Regulation of stem cell dynamics through volume exclusion

Abstract: Maintenance and regeneration of adult tissues rely on the self-renewal of stem cells. Regeneration without over-proliferation requires precise regulation of the stem cell proliferation and differentiation rates. The nature of such regulatory mechanisms in different tissues, and how to incorporate them in models of stem cell population dynamics, is incompletely understood. The critical birth-death (CBD) process is widely used to model stem cell populations, capturing key phenomena, such as population asymmetry and scaling laws in clone size distributions. However, the CBD process neglects regulatory mechanisms. Here, we propose the birth-death process with volume exclusion (vBD), a variation of the birth-death process that takes into account crowding effects, such as may arise due to limited space in a stem cell niche.

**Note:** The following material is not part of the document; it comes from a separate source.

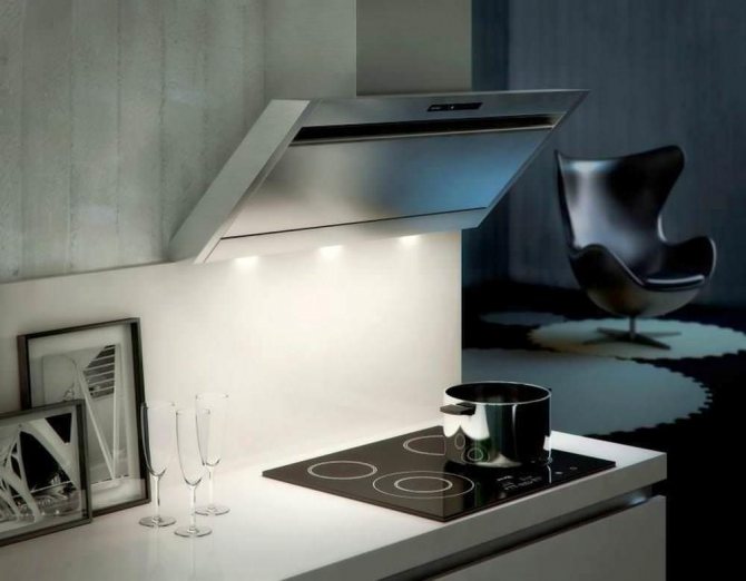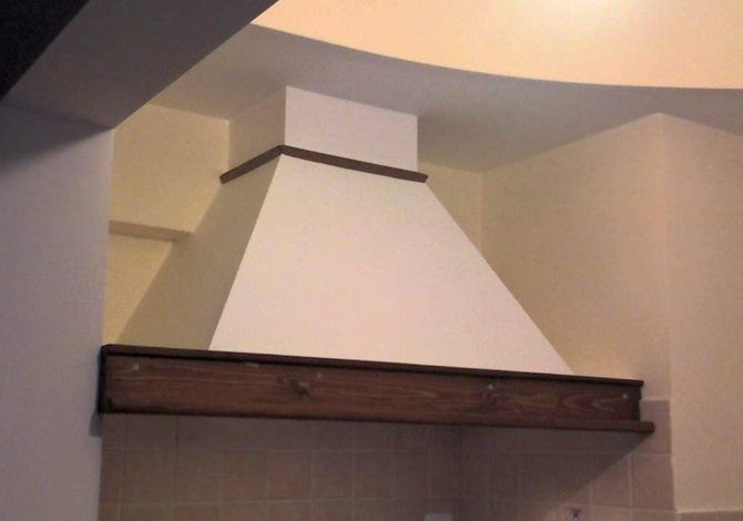 Une autre question est de savoir s'il faut ou non fabriquer une cloche en éventail. Le test montre que la boîte avec une douille capte mieux l'air à évacuer, mais cela alourdit visuellement la structure, et souvent une personne qui aime cuisiner la touche avec sa tête. De nombreux modèles d'usine ont un rétroéclairage sur le bord inférieur du ventilateur, ce qui doit être fait sur une hotte maison.

While the deterministic rate equations predict a single non-trivial attracting steady state, the master equation predicts extinction and a transient distribution of stem cell numbers that can be bimodal. We investigate the accuracy of the system-size expansion (including finite size corrections to the linear-noise approximation), the quasi-steady state approximation, and the WKB method to approximate the probability distribution solution of the vBD master equation, as well as the mean extinction time. Our study suggests that the size distribution of a stem cell population and its extinction dynamics bear signatures that may be useful to detect negative feedback mediated via volume exclusion.